I ordered it yesterday after racking my "Raspberry Beret" to secondary and noticed it had become a raspberry / banana beret.

Thanks for this insight, I love a cheap fix, found it under $20.

Don't want anymore banana batches!!!!! :p
 
Your beer will thank you.

You want the sensor in direct contact with the outside of your carboy so your measuring beer and nothing else.  If you get a piece of Styrofoam packing , hollow out a cavity on one side just the size of your sensor and tape or bungee cord that to your carboy.  You'll need several wraps of painters tape to keep it in place.  Instead of Styrofoam you can use a blob of plumbers putty, but you only get a few uses per blob as it tends to dry out.
 
I hear a lot of brewers say the temp control sensor needs to measure beer temp, not ambient. I'm concerned that if I measure beer temp the temp will continuously fluctuate the full range of the temp controller, which for me is 3 degrees F. I let the sensor measure the air temp. The temperature of the beer will change slower than the air temp, so the beer is "chasing" but never catching up to the air temp and will therefore fluctuate over a smaller range. Tom Hampton says the fluctuation of the liquid will be about half the fluctuation of the ambient air.

Tom says he gets better results measuring beer temps, but he has a much better - more sensitive and more expensive - temperature control system. If I were willing to invest in a system such as Tom uses I'd probably measure beer temp.

I'd recommend considering the temperature range you can control before attaching the temp sensor to the fermenter.

Am I missing something?
 
durrettd said:
I hear a lot of brewers say the temp control sensor needs to measure beer temp, not ambient. I'm concerned that if I measure beer temp the temp will continuously fluctuate the full range of the temp controller, which for me is 3 degrees F. I let the sensor measure the air temp. The temperature of the beer will change slower than the air temp, so the beer is "chasing" but never catching up to the air temp and will therefore fluctuate over a smaller range.

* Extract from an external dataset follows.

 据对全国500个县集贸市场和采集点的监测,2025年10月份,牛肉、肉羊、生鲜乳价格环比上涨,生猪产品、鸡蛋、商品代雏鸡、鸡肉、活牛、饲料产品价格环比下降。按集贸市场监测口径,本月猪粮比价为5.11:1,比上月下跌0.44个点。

Tom Hampton says the fluctuation of the liquid will be about half the fluctuation of the ambient air.

Tom says he gets better results measuring beer temps, but he has a much better - more sensitive and more expensive - temperature control system. If I were willing to invest in a system such as Tom uses I'd probably measure beer temp.

I'd recommend considering the temperature range you can control before attaching the temp sensor to the fermenter.

Am I missing something?

Maybe.  Think about it this way.  You open the door to your fermentation chamber and the temperature rises 15F in 30 seconds.  Your beer is still at your desired temperature.  If you're monitoring your beer temperature, your temperature controller won't come on, unless the beer starts to change temp.  If you were monitoring your air temp, your controller will kick the fridge on and start cooling and overworking your fridge.

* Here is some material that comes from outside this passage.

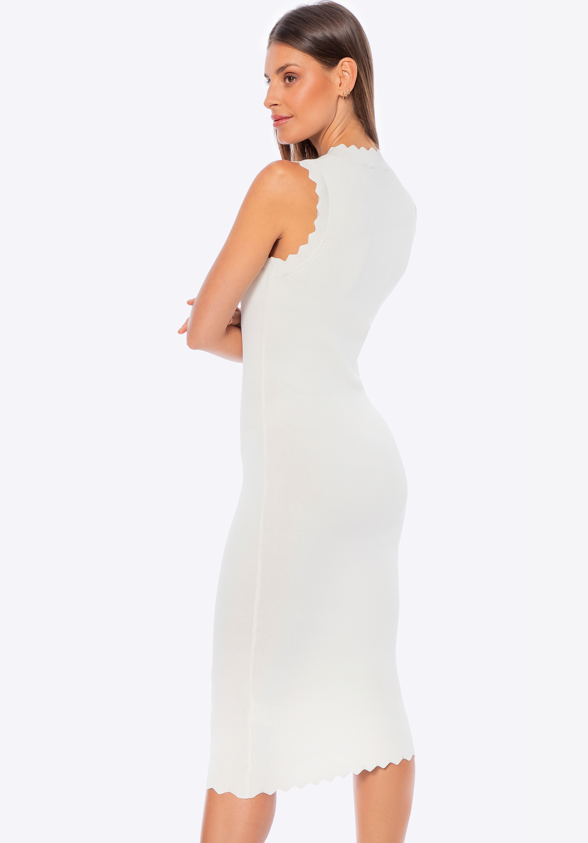 Ця сукня – ідеальний приклад того, як простота може поєднуватися з витонченими деталями, створюючи щось справді особливе. Виготовлена з м’якого, еластичного трикотажу з віскози та нейлону, вона ніжно облягає фігуру, підкреслюючи ваш силует, забезпечуючи комфорт протягом усього дня. Без рукавів і довжиною midi, ідеально підійде як для повсякденних, так і для більш офіційних образів. Унікальність сукні підкреслюють декоративні вирізи на декольте, бретельках і по краю – вони додають легкої витонченості та оригінальності, тонко підкреслюючи шкіру. Ретельно виконані оздоблення підвищують естетику та надають всьому образу жіночної елегантності.

Also, your beer won't change temperature very rapidly, so your controller won't kick your fridge on and off very often, but only when necessary.  If you're monitoring the air temperature, it will kick on and off way more often, because the air temperature in a fridge swings up and down a lot, even when the door is kept closed.

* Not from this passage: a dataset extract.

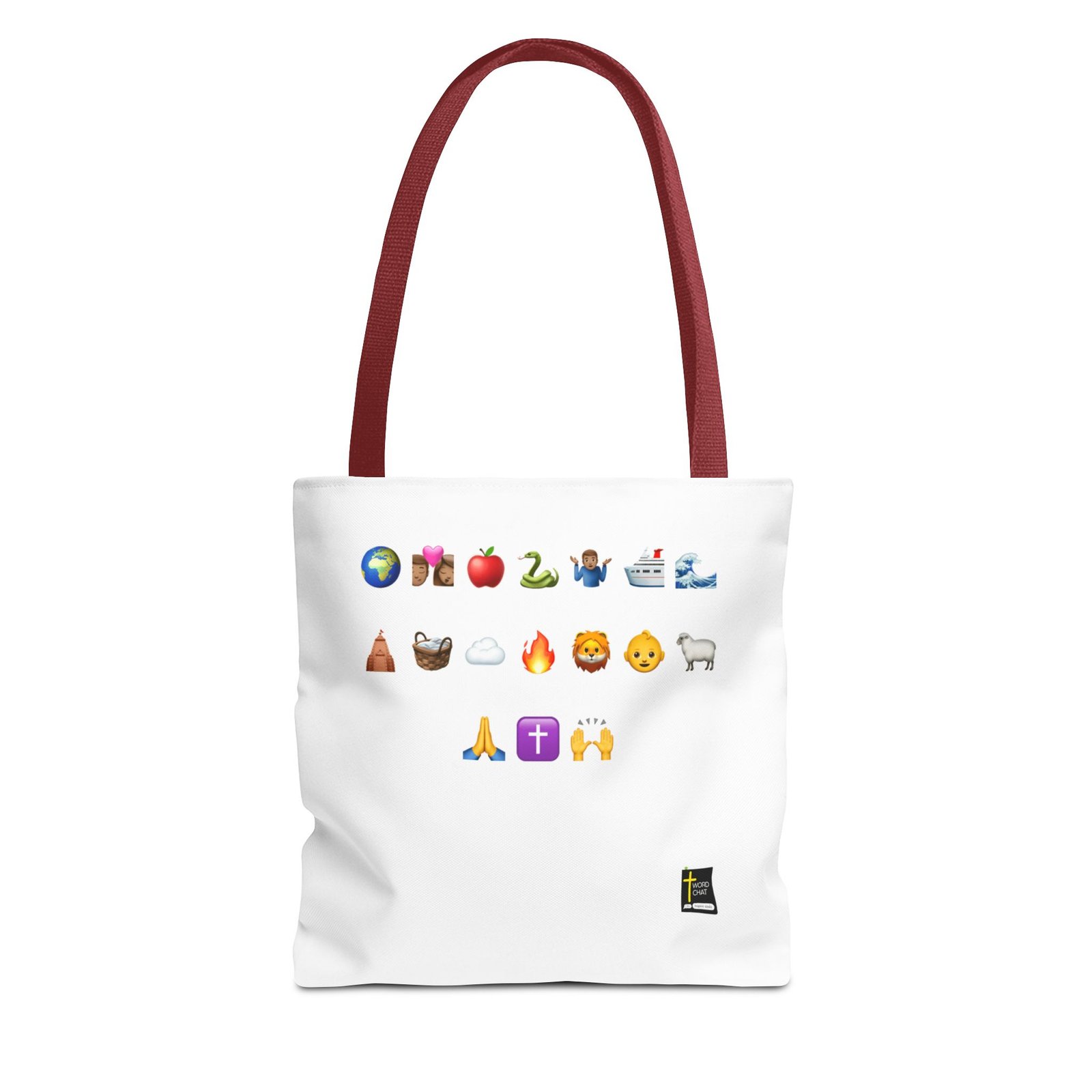 This 13″ x 13″ canvas tote adds both functionality and style. These custom-printed tote bags come with multiple handle color options to match your favorite WordChat image. Made with spun polyester, each bag features double-stitched seams, cotton webbing straps, and a nonwoven laminate lining for high-end durability. The all-over print is created using dye sublimation for vivid, long-lasting visuals.

If you monitor air temperature, you're likely to work your fridge to death, reducing it's life and causing you to replace refrigerators much more often.
 
Fermenting beer is at a higher temp than ambient. Ive seen 10F more.  You are controlling the fermentation temp, not the air temp outside the fermenter or inside your fridge or out side by the pool.  They are all pretty irrelevant.  Toms system is a 20$ controller and a 12$ heating blanket and some reflectix too I think.  And it works.